** To do **
Repeat the span of the entries below that starts at the line with "The Easy Pouch" and ends at the line with "Leo Carlsson signed", nothing more. Skip the pictures.

** Records shown **
▼

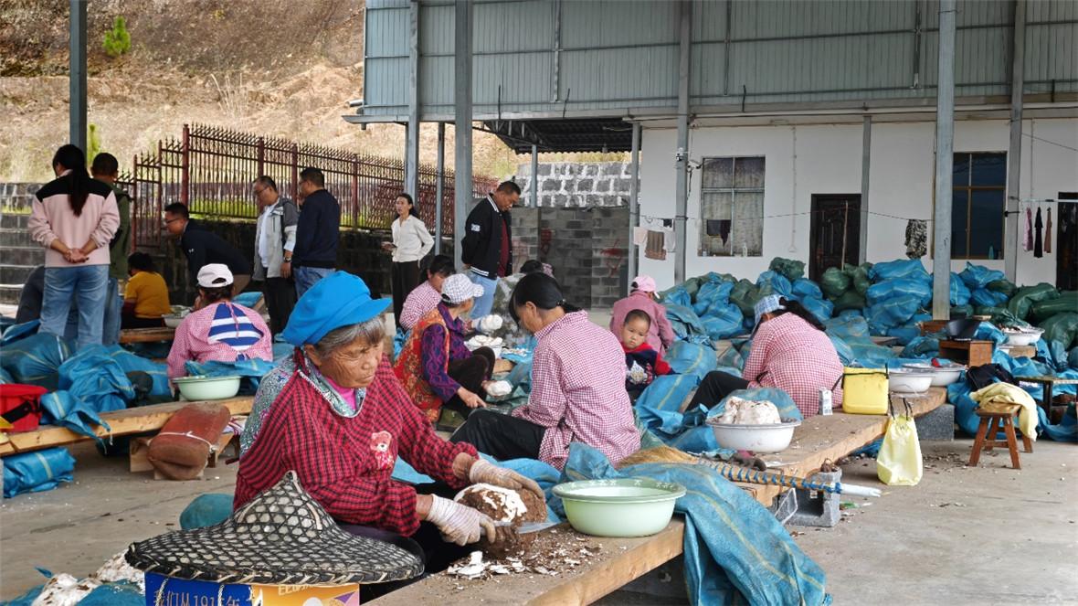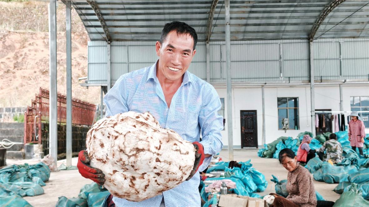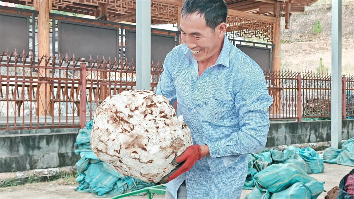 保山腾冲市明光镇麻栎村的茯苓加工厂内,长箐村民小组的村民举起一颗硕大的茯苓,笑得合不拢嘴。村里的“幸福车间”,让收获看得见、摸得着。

▲
▼

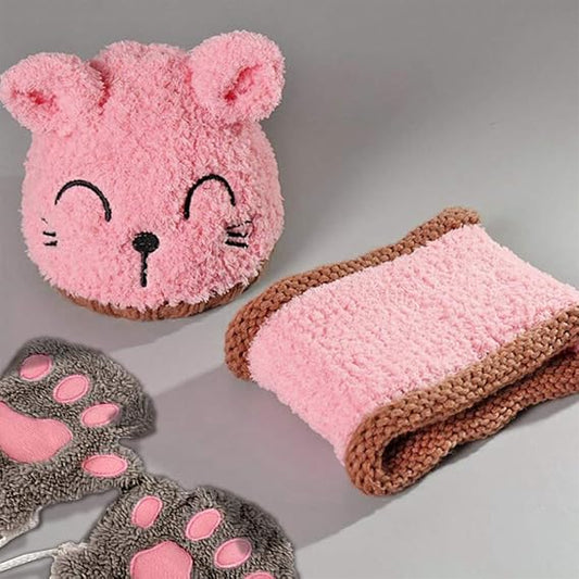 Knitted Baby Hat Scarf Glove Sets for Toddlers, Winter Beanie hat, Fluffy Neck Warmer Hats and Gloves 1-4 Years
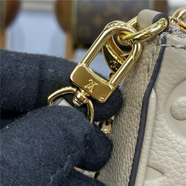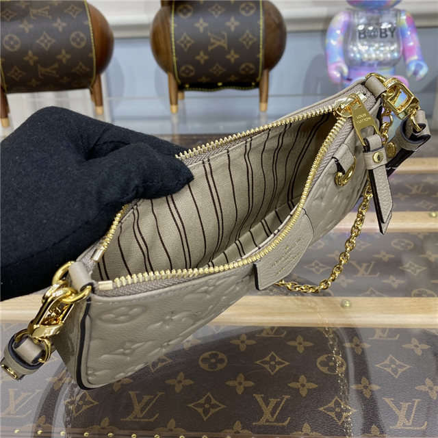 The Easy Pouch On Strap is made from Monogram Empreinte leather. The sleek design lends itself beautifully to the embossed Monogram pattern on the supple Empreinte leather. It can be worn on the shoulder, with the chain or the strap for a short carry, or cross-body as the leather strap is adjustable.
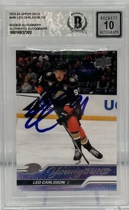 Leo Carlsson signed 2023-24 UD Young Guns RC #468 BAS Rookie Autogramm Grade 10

▲

** Output of the task **
 The Easy Pouch On Strap is made from Monogram Empreinte leather. The sleek design lends itself beautifully to the embossed Monogram pattern on the supple Empreinte leather. It can be worn on the shoulder, with the chain or the strap for a short carry, or cross-body as the leather strap is adjustable.
 Leo Carlsson signed 2023-24 UD Young Guns RC #468 BAS Rookie Autogramm Grade 10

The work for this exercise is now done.